*About this task:* Once you find the line with "- Angulo de" in the data below, transcribe exactly each line from there to the line with "排爆机器人在边境巡逻,排查可疑人员携带的爆炸物品。", inclusive, and nothing else. Drop the pictures.

*Dataset excerpts:*
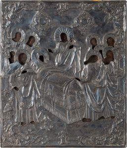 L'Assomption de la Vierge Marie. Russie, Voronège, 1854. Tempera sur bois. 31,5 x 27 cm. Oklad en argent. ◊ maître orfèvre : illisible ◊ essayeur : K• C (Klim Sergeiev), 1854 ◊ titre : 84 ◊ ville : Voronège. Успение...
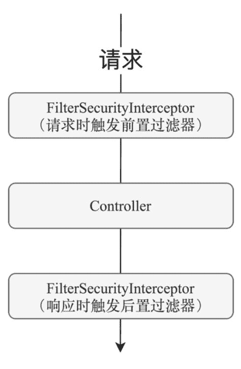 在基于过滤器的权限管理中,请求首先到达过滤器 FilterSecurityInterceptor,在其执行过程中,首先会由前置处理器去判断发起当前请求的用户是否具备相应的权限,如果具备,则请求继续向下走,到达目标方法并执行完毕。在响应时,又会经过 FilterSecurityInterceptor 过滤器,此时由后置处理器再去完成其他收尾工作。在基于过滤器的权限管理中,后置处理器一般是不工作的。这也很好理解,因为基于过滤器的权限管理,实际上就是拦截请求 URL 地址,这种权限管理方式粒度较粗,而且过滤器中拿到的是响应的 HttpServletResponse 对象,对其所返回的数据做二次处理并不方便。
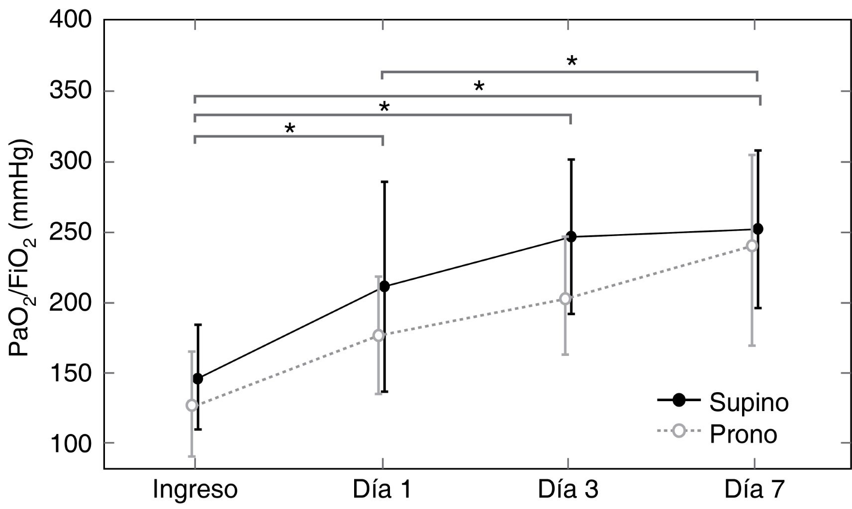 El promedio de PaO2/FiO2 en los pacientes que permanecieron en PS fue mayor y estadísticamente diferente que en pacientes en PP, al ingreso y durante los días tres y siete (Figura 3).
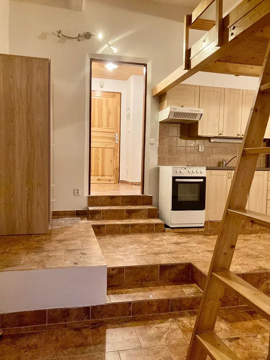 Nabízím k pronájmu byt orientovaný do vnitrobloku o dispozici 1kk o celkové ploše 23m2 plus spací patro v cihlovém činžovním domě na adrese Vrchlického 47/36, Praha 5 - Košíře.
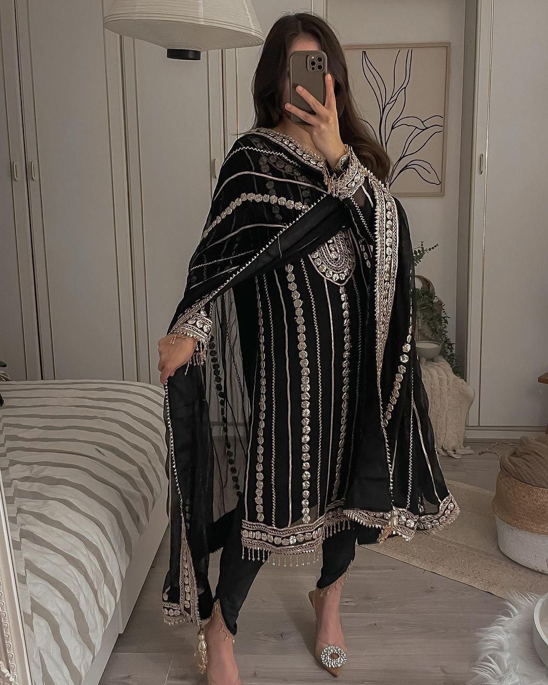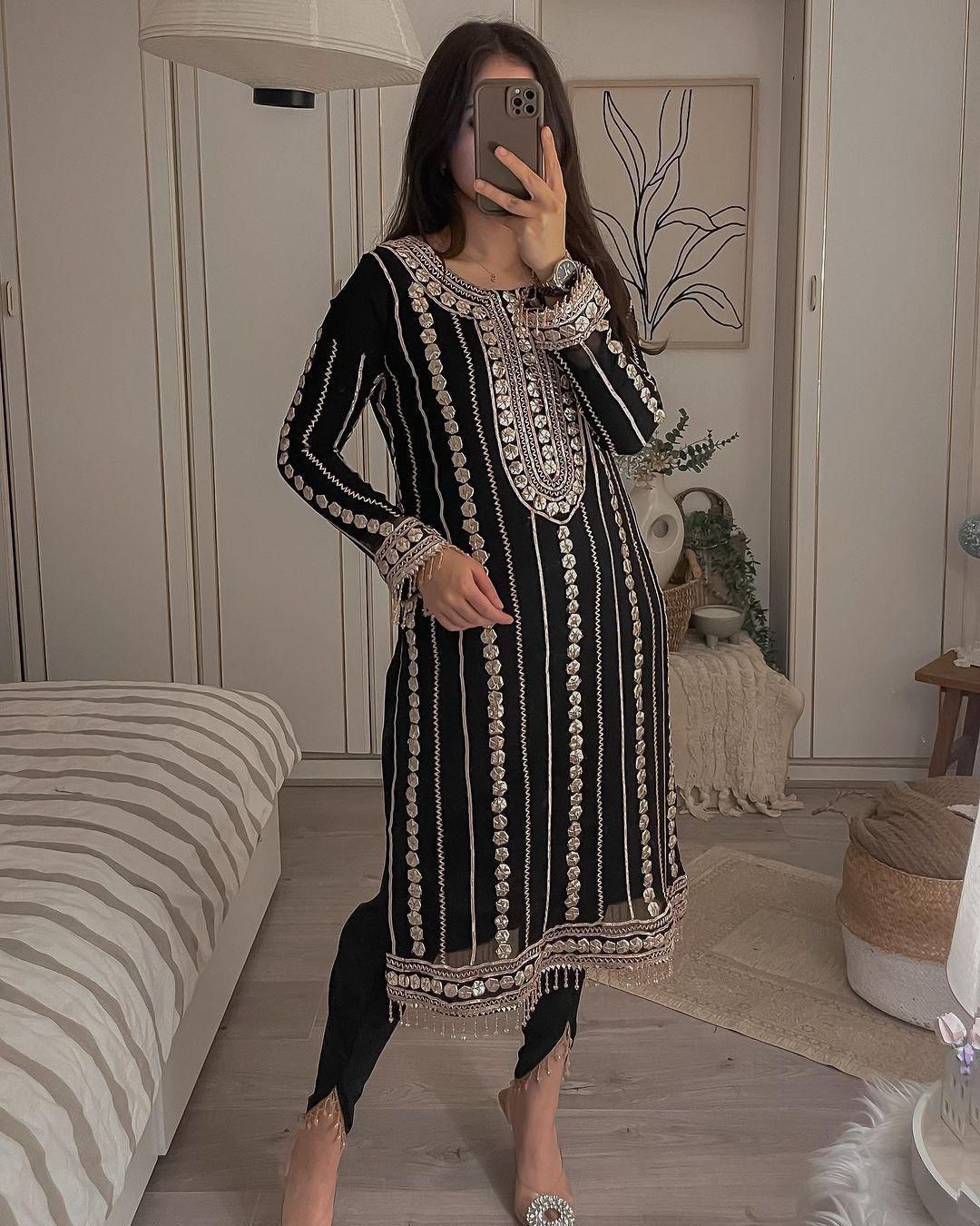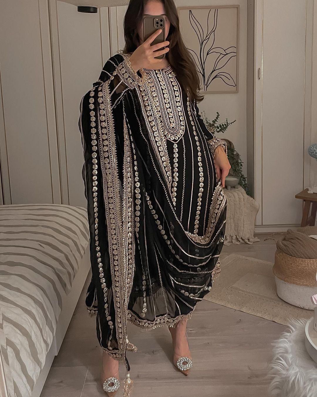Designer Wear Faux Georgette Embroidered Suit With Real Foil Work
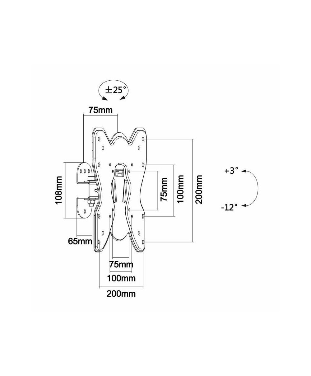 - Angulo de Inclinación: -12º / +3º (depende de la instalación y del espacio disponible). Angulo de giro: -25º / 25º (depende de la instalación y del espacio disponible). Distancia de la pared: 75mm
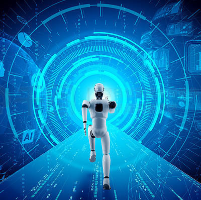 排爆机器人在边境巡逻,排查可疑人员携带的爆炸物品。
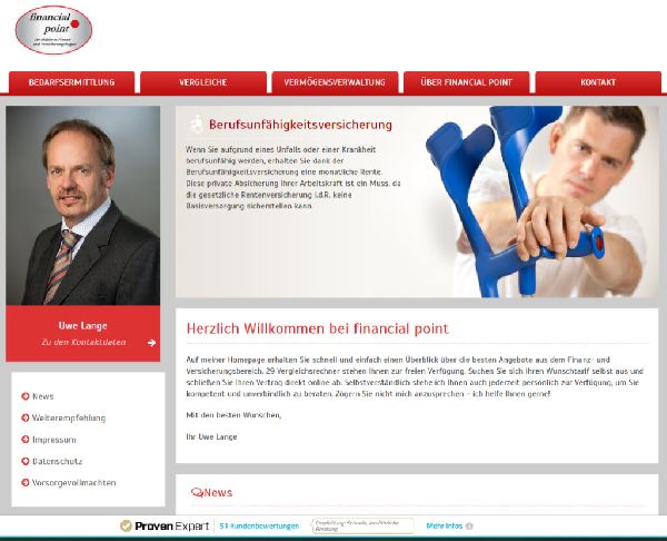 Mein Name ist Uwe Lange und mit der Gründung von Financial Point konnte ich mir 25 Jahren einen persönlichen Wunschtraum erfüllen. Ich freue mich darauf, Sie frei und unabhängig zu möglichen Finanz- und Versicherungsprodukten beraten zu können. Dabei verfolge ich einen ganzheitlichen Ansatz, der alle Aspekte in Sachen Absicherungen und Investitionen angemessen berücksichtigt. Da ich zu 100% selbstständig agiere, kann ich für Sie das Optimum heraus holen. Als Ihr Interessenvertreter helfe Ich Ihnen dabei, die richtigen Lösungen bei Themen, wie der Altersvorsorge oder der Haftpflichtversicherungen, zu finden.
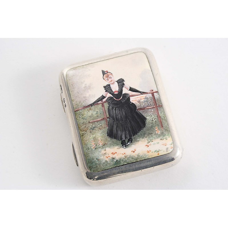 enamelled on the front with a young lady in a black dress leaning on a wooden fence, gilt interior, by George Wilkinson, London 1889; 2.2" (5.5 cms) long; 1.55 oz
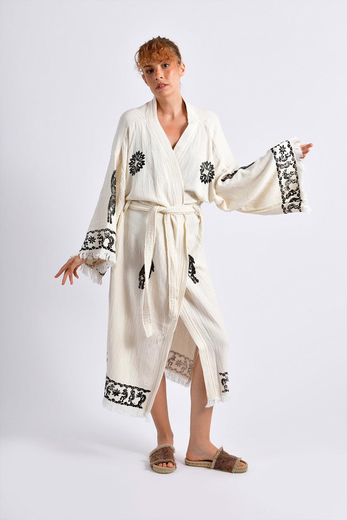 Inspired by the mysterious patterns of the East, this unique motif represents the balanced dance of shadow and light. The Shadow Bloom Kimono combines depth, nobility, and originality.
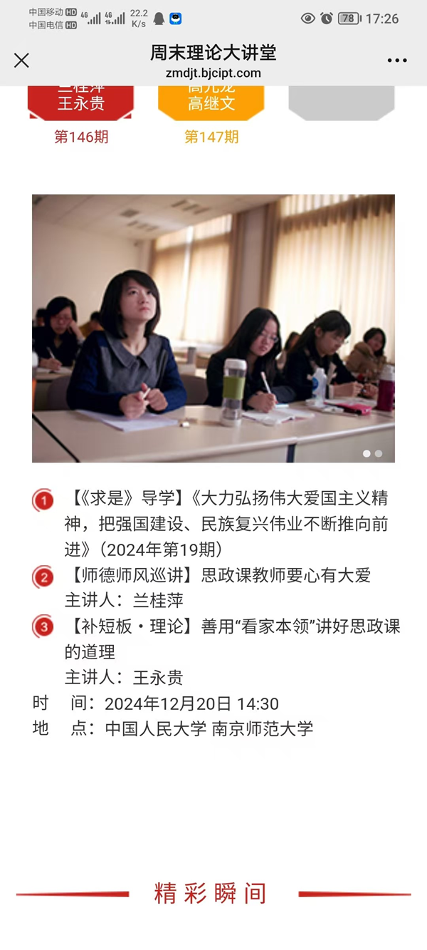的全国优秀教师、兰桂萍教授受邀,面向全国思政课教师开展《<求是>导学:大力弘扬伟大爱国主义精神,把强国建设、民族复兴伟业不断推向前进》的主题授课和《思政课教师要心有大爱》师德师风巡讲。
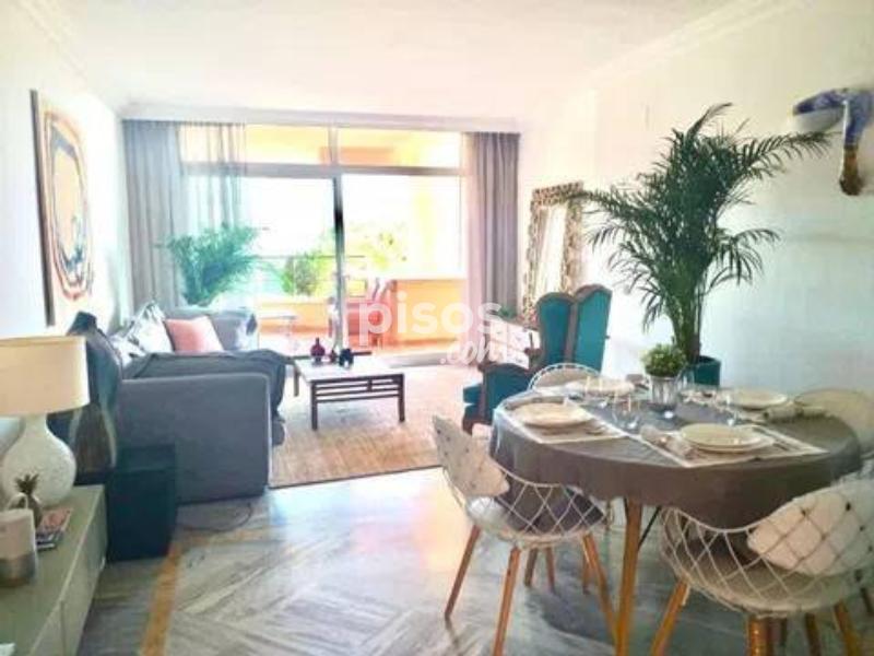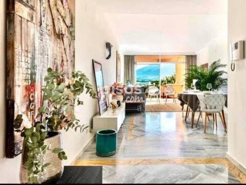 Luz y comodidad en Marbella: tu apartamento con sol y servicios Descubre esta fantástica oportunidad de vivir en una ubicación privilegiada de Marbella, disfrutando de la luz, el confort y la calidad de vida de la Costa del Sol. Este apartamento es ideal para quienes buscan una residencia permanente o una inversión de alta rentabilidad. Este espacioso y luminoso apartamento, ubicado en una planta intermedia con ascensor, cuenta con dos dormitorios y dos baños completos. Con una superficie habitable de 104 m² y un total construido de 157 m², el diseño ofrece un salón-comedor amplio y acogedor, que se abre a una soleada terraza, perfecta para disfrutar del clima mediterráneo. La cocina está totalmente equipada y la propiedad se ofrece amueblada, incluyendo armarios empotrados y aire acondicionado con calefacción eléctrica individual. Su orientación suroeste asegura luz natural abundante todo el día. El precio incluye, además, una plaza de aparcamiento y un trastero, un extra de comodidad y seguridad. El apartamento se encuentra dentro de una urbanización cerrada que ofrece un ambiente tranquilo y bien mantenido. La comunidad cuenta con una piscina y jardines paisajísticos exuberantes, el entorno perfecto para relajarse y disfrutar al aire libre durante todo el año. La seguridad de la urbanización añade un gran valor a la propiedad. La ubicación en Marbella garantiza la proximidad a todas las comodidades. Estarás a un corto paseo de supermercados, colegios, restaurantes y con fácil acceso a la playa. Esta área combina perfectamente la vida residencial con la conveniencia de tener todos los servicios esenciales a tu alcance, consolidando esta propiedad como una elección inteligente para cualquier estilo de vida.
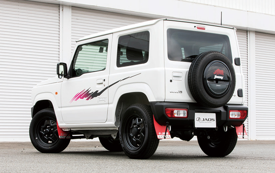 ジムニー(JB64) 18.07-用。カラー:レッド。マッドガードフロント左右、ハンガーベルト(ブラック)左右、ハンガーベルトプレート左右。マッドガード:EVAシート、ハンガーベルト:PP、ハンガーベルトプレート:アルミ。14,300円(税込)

*Response:*
 - Angulo de Inclinación: -12º / +3º (depende de la instalación y del espacio disponible). Angulo de giro: -25º / 25º (depende de la instalación y del espacio disponible). Distancia de la pared: 75mm
 排爆机器人在边境巡逻,排查可疑人员携带的爆炸物品。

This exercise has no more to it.